Je l’avoue avec une franchise teintée d’embarras, c’est par inclination pour les potins germanopratins que j’ai eu envie de lire Vivre ensemble, la dernière autofiction d’Emilie Frèche (si vous êtes passé(e) à côté du « scandale », vous pouvez vous rattraper grâce à cet article). Mais je n’avais jamais lu Emilie Frèche auparavant et n’avais donc pas d’a priori.

L’histoire de Vivre Ensemble est simple… quoi que. Déborah, divorcée, un enfant, est recasée depuis peu avec un homme séparé, un enfant, et elle s’interroge sur le vivre-ensemble. Une question légitime à la base, mais peut-être davantage encore pour Déborah qui cumule les clichés situations insolites. Voyez plutôt.

  • D’origine juive revendiquée, elle a été mariée 15 ans à un musulman avec qui elle a eu un fils, Léo (qu’ils ont failli s’appeler Oslo… oui, oui, en hommage aux accords de 1993). Pas facile.
  • Elle s’est retrouvée dans les attentats du 11 septembre 2001 à New York, du 13 novembre 2015 à Paris et a frôlé ceux de Nice le soir du 14 juillet 2016. Pas de chance.
  •  Son nouveau mec, juif, est avocat et bénévole dans la jungle de Calais auprès des migrants alors qu’il habite à Paris. Pas marrant.
  • Quand elle décide d’emménager avec lui parce qu’il faut vivre (leçon tirée des attentats de Paris), elle découvre que le fils de son amant, Salomon, est un enfant « différent » à tendance psychopathe. Décidément.

Il y aussi la mère de Salomon qui est hystérique, des phoques qui baisent sur la plage de Calais, une femme rabbin progressiste, une petite Beagle qui va mal finir. C’est dingue tout ce que certaines personnes vivent.

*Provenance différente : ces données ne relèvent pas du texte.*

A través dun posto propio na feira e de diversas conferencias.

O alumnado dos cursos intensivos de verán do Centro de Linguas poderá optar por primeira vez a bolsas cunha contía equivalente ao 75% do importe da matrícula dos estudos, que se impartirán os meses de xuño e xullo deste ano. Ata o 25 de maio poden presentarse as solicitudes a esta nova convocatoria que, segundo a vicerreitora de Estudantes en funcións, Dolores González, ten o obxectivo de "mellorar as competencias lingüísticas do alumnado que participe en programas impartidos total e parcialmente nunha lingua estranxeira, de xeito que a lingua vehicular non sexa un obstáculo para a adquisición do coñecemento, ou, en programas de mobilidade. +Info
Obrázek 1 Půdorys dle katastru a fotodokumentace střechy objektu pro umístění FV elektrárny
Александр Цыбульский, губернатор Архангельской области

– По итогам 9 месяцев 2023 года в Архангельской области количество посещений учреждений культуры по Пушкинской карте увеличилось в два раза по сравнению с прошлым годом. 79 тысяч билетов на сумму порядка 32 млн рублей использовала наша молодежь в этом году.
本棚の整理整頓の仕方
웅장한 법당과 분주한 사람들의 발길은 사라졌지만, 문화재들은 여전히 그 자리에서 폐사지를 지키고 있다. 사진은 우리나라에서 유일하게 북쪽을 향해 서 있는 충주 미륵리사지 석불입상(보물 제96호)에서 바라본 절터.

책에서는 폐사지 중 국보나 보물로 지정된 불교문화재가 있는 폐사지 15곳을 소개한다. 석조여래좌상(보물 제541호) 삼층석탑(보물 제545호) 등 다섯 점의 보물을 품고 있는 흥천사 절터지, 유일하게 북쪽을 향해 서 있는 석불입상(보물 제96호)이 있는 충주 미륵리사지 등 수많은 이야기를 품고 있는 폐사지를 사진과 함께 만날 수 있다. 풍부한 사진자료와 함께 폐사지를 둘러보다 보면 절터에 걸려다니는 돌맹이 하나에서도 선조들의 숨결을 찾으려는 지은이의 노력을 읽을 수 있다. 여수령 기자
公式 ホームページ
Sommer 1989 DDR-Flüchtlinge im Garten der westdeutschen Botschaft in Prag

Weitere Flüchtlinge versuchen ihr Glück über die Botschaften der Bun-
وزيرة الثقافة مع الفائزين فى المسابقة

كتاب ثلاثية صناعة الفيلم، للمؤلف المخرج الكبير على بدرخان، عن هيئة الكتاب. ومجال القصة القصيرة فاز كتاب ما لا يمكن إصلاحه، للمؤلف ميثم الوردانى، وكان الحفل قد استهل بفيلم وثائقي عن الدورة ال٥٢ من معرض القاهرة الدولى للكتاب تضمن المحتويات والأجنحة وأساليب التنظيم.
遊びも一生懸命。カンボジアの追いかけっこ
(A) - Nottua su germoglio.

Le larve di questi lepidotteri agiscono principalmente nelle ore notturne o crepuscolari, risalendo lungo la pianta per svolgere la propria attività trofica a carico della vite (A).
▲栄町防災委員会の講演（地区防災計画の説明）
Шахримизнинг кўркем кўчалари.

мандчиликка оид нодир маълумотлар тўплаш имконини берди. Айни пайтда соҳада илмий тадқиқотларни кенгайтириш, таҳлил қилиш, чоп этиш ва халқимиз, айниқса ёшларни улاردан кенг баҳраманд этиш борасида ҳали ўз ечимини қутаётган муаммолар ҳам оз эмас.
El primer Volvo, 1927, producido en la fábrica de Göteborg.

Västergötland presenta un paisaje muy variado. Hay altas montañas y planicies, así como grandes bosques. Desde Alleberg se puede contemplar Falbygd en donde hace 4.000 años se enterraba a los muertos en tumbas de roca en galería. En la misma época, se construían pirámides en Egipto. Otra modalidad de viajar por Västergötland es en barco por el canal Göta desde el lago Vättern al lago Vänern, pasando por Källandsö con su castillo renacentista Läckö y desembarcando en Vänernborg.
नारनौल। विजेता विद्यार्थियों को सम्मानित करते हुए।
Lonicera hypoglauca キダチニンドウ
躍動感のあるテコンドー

Sur le plan littéraire, bon bah ça se lit (très vite). L’adjectif « abyssal » est quand même cité deux fois dans les cinq premières pages et l’auteure semble avoir une prédilection pour les expressions toutes faites sans poésie (je ne les ai pas notées, j’aurais dû, je sais).

Sur le plan du récit, personnellement, je me suis (très vite) ennuyée. Outre la lourdeur des clichés situations, la narratrice a toujours le beau rôle et c’est relou. Son ex-mari est trop sain et cool et ouvert. Son fils est solaire et sympa. Le match est inégal : en face, le nouveau mec est un peu perdu professionnellement, il a un frère mort d’une overdose qui – évidemment – s’appelait Salomon et, on l’a dit, une ex tarée et un fils qui souffre d’une forme d’autisme. Le vivre-ensemble en prend un coup, forcément. Dernier point, quand on sait que c’est une autofiction assumée, tout ça met un peu mal à l’aise aussi. Certes, les cohabitations réussies ne sont pas légion, mais les vertus de l’autocritique et de l’imagination non plus, on dirait.

Puisqu’on vous dit qu’il n’y a aucun rapport !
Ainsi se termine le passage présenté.